Like the countless displaced across Iraq, her Arab family which had lived for decades in a Sunni Kurdish neighbourhood flees Kirkuk one night and joins her in Baghdad, after threats on other Arab families.
Bassem films a scene from a play in which she takes part: an actor portraying a US soldier shoves her into a room and slaps her across the face, mirroring the Abu Ghraib prison scandal of 2004, when pictures of US troops torturing and abusing Iraqi prisoners made international headlines.
In March 2007, a suicide bombing killed more than 30 people and wounded at least 60 in Baghdad's renowned Mutannabi street, destroying the centenarian Shabandar Cafe.
Before the attack, Emad Ali had finished filming faded pictures of old Baghdad on the cafe walls, an ancient radio on the mantle and a withered manager tapping out customers' bills on a clunky typewriter.
He stopped filming after his wife and father died in a mortar attack on their home. Violence was rampant and often random when he resumed after several months, and he was returning from filming one day when a gunman shot him in the chest, back and leg.

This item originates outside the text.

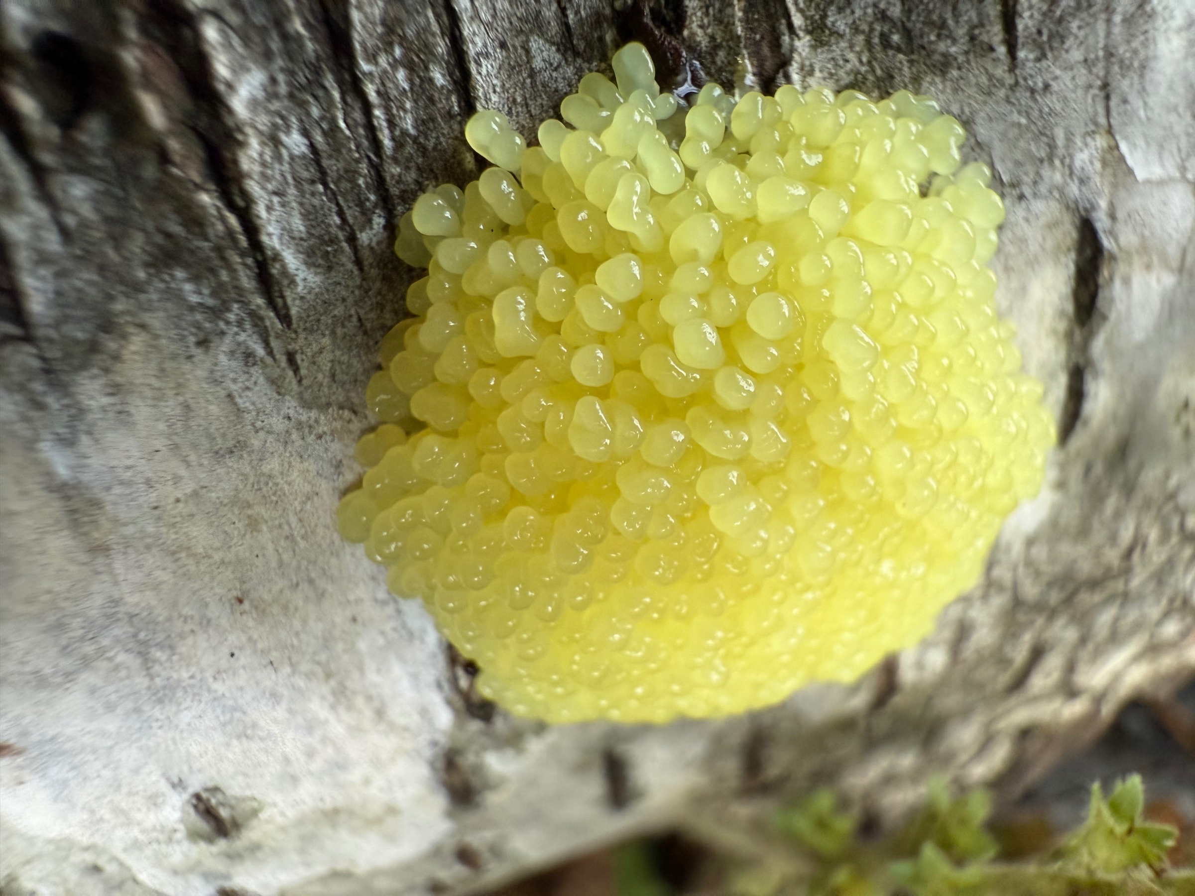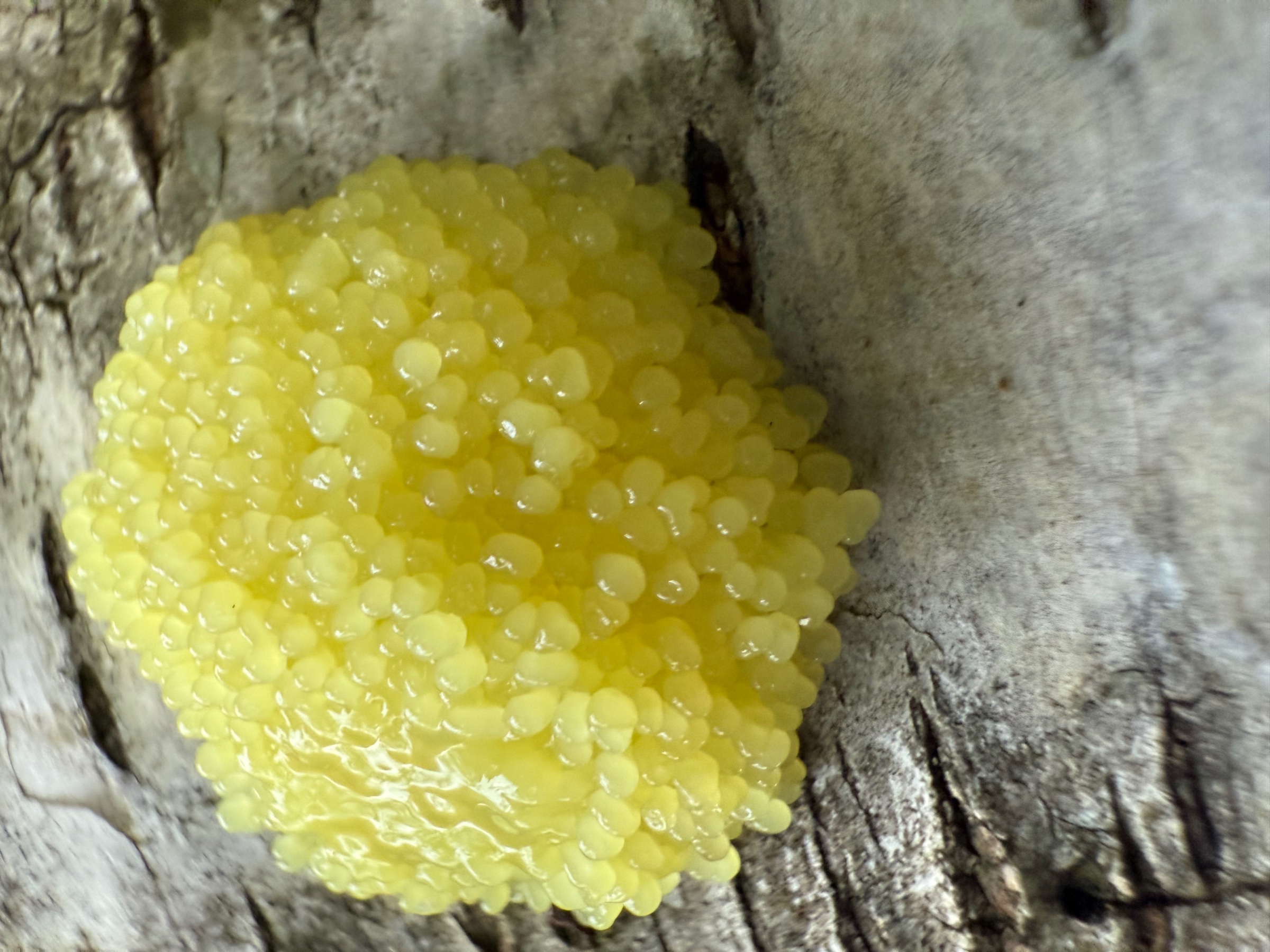 Formal ähnelt das dem Fischeier-Schleimpilz Tubifera ferruginosa (Tubulifera arachnoidea), aber die gelbe Farbe passt nicht - der wäre in dem Stadium lachsrosa. (Es gibt im Netz, bei Flickr o.ä., auch gelbe "Kugelhaufen", die so beschriftet sind ... nach dem Motto "was soll es schon anders sein" - aber das ist mit großer Wahrscheinlichkeit nicht richtig).
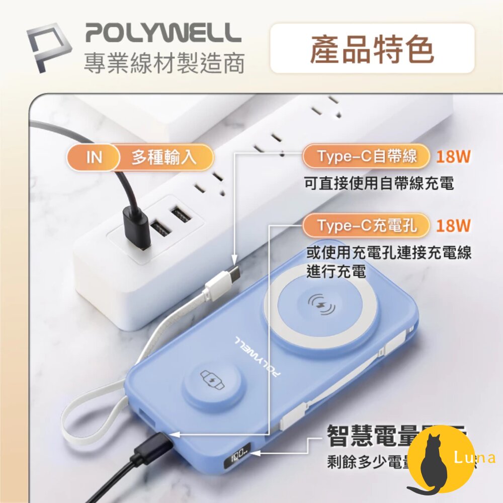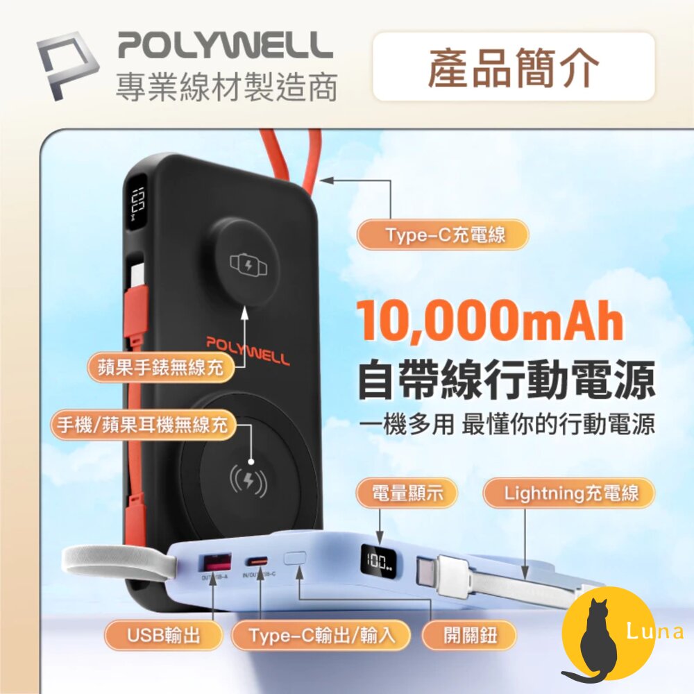 🌟多合一磁吸無線充+自帶線快充行動電源 10000mAh🌟

Ali turned the camera on himself, capturing just another victim of another day in Baghdad.
"A creative person dies when he stops creating, that's why I continued," a healed Ali said on the sidelines of the two-day film festival.

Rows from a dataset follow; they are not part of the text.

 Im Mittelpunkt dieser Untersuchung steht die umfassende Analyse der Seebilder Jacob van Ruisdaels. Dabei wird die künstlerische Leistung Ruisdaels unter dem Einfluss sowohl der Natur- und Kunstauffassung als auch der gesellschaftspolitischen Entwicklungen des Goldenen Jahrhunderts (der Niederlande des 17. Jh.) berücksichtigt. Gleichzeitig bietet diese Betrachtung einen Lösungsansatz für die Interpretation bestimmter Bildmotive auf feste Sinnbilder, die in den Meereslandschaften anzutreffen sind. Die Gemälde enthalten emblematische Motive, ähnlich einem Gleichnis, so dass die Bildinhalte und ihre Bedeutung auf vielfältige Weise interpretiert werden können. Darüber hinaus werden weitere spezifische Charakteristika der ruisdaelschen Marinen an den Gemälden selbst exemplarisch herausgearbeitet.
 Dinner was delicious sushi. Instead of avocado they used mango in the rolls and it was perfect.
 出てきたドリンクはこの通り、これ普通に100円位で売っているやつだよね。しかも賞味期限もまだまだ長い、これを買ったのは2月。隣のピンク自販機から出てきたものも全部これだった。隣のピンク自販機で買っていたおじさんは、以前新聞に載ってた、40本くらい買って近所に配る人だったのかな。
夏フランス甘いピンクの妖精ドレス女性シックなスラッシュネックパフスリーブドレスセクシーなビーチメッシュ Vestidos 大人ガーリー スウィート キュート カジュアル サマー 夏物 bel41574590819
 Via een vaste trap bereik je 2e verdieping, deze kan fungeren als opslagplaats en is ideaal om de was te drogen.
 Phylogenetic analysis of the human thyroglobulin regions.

There is no recorded history between 2007, when Abid had to pack up and leave temporarily because things became too risky, and 2010, when the school reopened, and had the funds to run classes.
"When we started in 2004 we had no money, nothing at all," said Abid, joking that he is the cleaner and manager of the school, housed in a modest two-room flat.

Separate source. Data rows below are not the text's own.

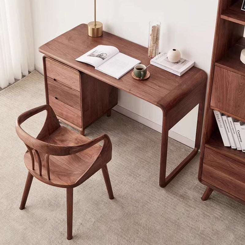 Traditional Japanese Full Walnut Curved Dining Chair Backrest Armrest For Dining Room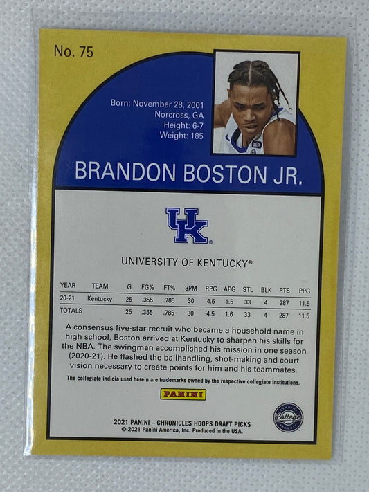 2021 Chronicles Draft Picks Brandon Boston Jr. RC Rookie #75 Hoops Tribute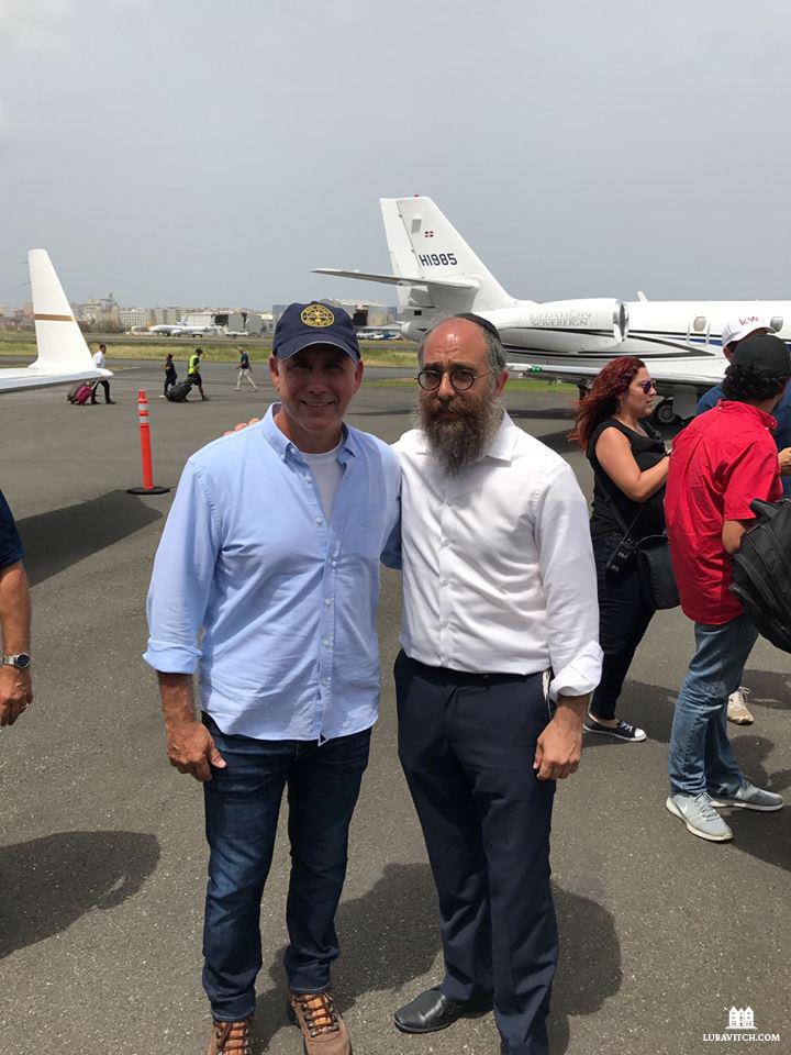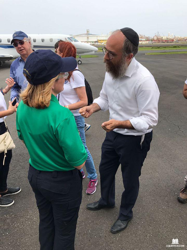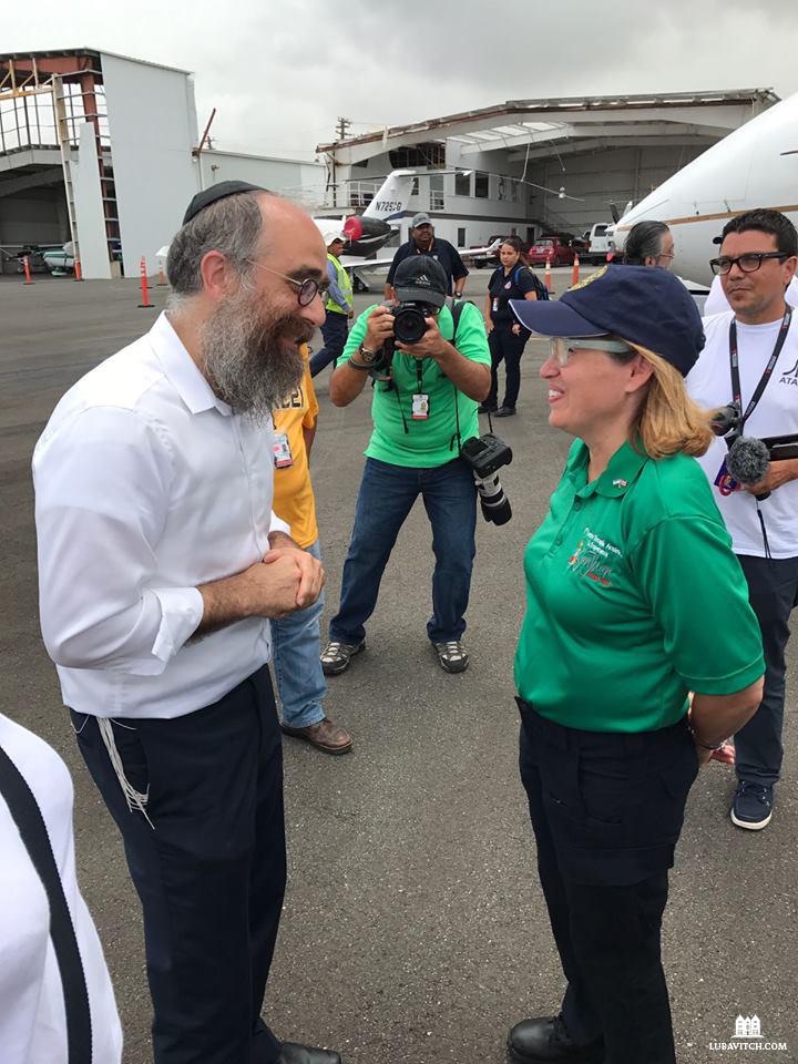 The need was so great that by Wednesday, a second plane delivered “thousands of pounds of canned food, emergency medical supplies, flashlights, batteries, and other goods critical to the relief effort.” The shipment was sponsored by the Falic family, owners of Duty Free Americas. As the plane rolled up on the tarmac, Rabbi Zarchi was joined by San Juan Mayor Carmen Cruz in welcoming Miami Beach Mayor Philip Levine, Honorary Israeli Consul to Puerto Rico David Efron, and Greater Miami Jewish leaders.

Then came a $22,000 grant from California-based NGO Internews, and the students' cameras began to roll. Since then, most of the funding has come from charities and independent foundations in Europe, the United States and Arab countries. "We are always struggling for money," Abid said.
Violence in Iraq now has dropped, although kidnappings and bombings still happen nearly every day. American forces have retreated to their bases, largely invisible on the streets, ahead of a pullout at year's end.
The films made in 2010 and early this year are about people glueing back broken lives.
In "Na'eem the barber," a professor who moonlights as a men's hairdresser returns home to to his war-wrecked Baghdad neighbourhood.
"The area was empty, shops were closed and the owners had given me the keys, so I rented the shop next door and gave it to my wife to run as a flower shop, to bring some life back to the area," Na'eem says.
Another documentary portrays Majid, a young and talented folk singer. He struggles in the southern city of Nassiriyah against Islamists who consider art a sin.
Once, before a concert, armed men beat up the musicians and wrecked their instruments, Majid recalls. To repair his stringed instrument Majid goes to an artisan, who works in secret out of fear.
"I might get killed but this (music) is my life," Majid says, vowing to continue his art in this year's "Sing your song."
Many of the student films have been screened at festivals around the world, picking up top awards.
"I think that for all of us Iraqis who are trying to make things -- films, books, theatre, whatever -- what we do is perhaps an unconscious form of resistance against the destruction and fragmentation all around us," said Pachachi, the partner in the film school, who like Abid is an internationally-known and award-winning documentary filmmaker.
"If we didn't do this what would we do? Sit and watch the TV and weep?"